Rechtliche Beurteilung

Der Rechtsmittelwerber behauptet in seinem als außerordentlichen Revisionsrekurs bezeichneten Schriftsatz, der sich ausdrücklich sowohl gegen den erstgerichtlichen als auch gegen den rekursgerichtlichen Beschluß richtet, daß ihm der Beschluß des Erstgerichtes (ON 305) nicht rechtmäßig zugestellt worden sei, da er sich zum Zeitpunkt der Zustellung (8.8.1994) nachweislich nicht an der Zustelladresse in Wien, sondern aus dienstlichen Gründen auf längere Zeit in Marokko aufgehalten habe und daß der RSb-Brief nur irrtümlich von seiner Schwiegermutter, die der deutschen Sprache nicht mächtig sei, übernommen worden sei. Diesen Umstand habe seine Gattin auch dem Erstgericht aktenkundig mitgeteilt (s ON 308). Er habe den erstgerichtlichen Beschluß auch in der Folge nicht zugestellt erhalten. Er beantrage deshalb die - infolge des Rekurses seines Sohnes erfolgte - "Beschlußfassung des Rekursgerichtes zurückzuweisen".

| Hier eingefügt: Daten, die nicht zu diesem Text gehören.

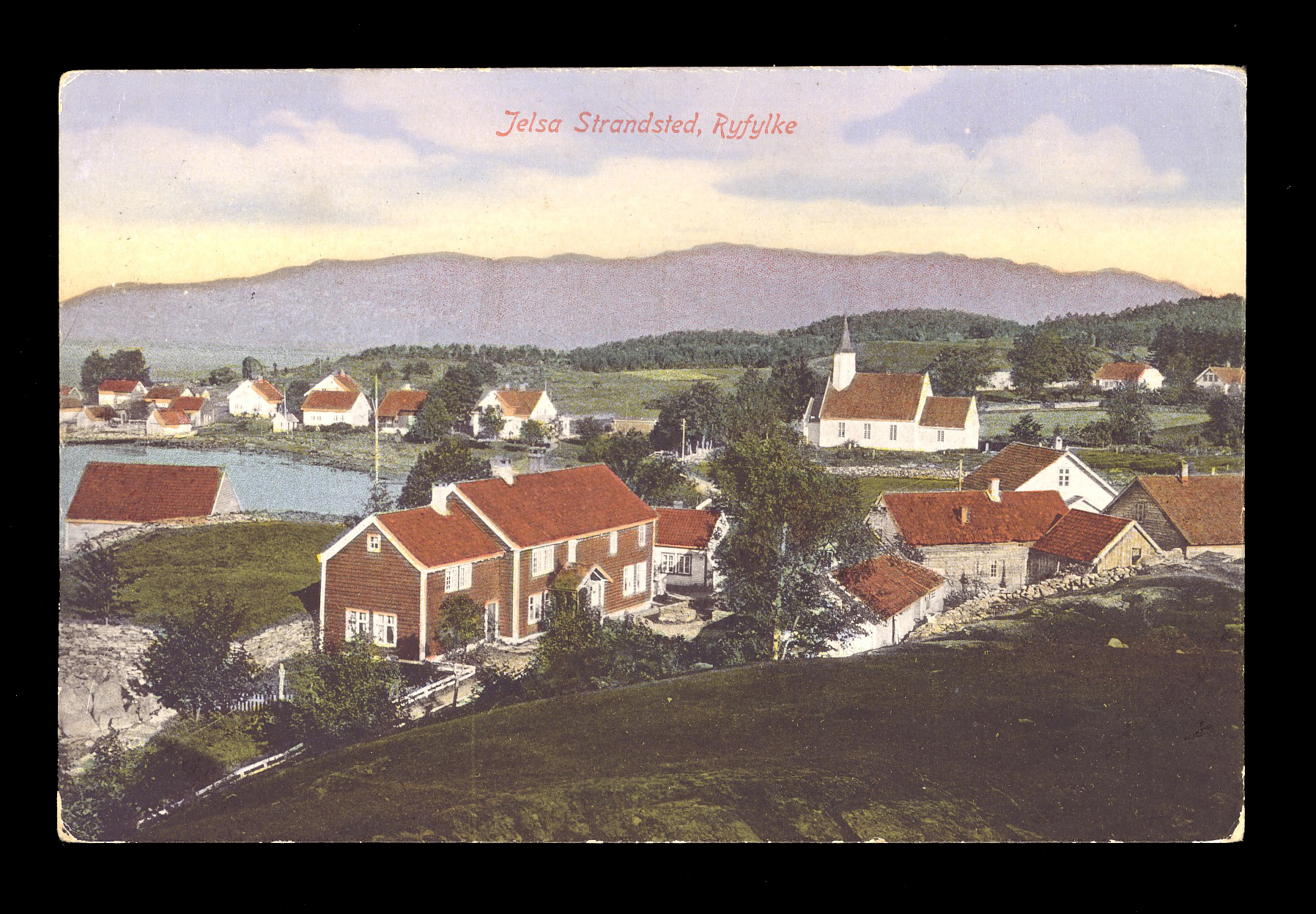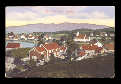 kolorert kort, kjent brukt fra 1918. Vi ser kirken like til høyre for midten

Damit macht der Rechtsmittelwerber deutlich erkennbar die Nichtigkeit des Verfahrens ab der Beschlußfassung des Erstgerichtes geltend.

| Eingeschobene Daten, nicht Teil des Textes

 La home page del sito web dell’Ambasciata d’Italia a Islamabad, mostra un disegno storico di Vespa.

Hierüber ist vorweg - bevor auf die weiteren Einwände des Rechtsmittelwerbers gegen die Höhe der ihm auferlegten Unterhaltsverpflichtung eingegangen werden kann - zu entscheiden.

Aus den vom Obersten Gerichtshof dem Erstgericht aufgetragenen Erhebungen ist zu folgern, daß sich der Rechtsmittelwerber in der fraglichen Zeit nicht in Österreich aufgehalten hat: Aus der Auskunft des Bundesministeriums für Inneres (ON 321), dem vorgelegten Dienstpaß (Ablichtung bei ON 323) und den damit in Einklang stehenden Angaben des Revisionswerbers (ON 323) ergibt sich nämlich, daß sich der Rechtsmittelwerber seit 15.7.1994 in Marokko als Kommandant des Österreichischen UN-Polizeikontingentes in der Westsahara aufgehalten hat, in der fraglichen Zeit zwar kurzfristig nach Algerien und Mauretanien gereist und wieder nach Marokko zurückgekehrt ist, jedoch erstmals am 25.11.1994 auf einige Wochen nach Österreich auf Urlaub gekommen ist.

Dem Rechtsmittelwerber konnte somit der erstgerichtliche Beschluß am 8.8.1994 nicht ordnungsgemäß an seiner Heimatadresse in Wien zugestellt werden, weil er sich zu dieser Zeit und auch in den Folgemonaten dort nicht regelmäßig aufgehalten hat (§ 16 ZustG).

Demgemäß ist der angefochtene Beschluß sowie das vorangegangene Verfahren ab einschließlich der gesetzwidrigen Zustellung des Beschlusses an den Revisionsrekurswerber als nichtig aufzuheben, denn dem Rechtsmittelwerber wurde durch den ungesetzlichen Zustellvorgang die Möglichkeit, den erstgerichtlichen Beschluß zu bekämpfen, entzogen.

Das Erstgericht wird daher im fortgesetzten Verfahren seinen Beschluß dem Rechtsmittelwerber ordnungsgemäß zuzustellen haben.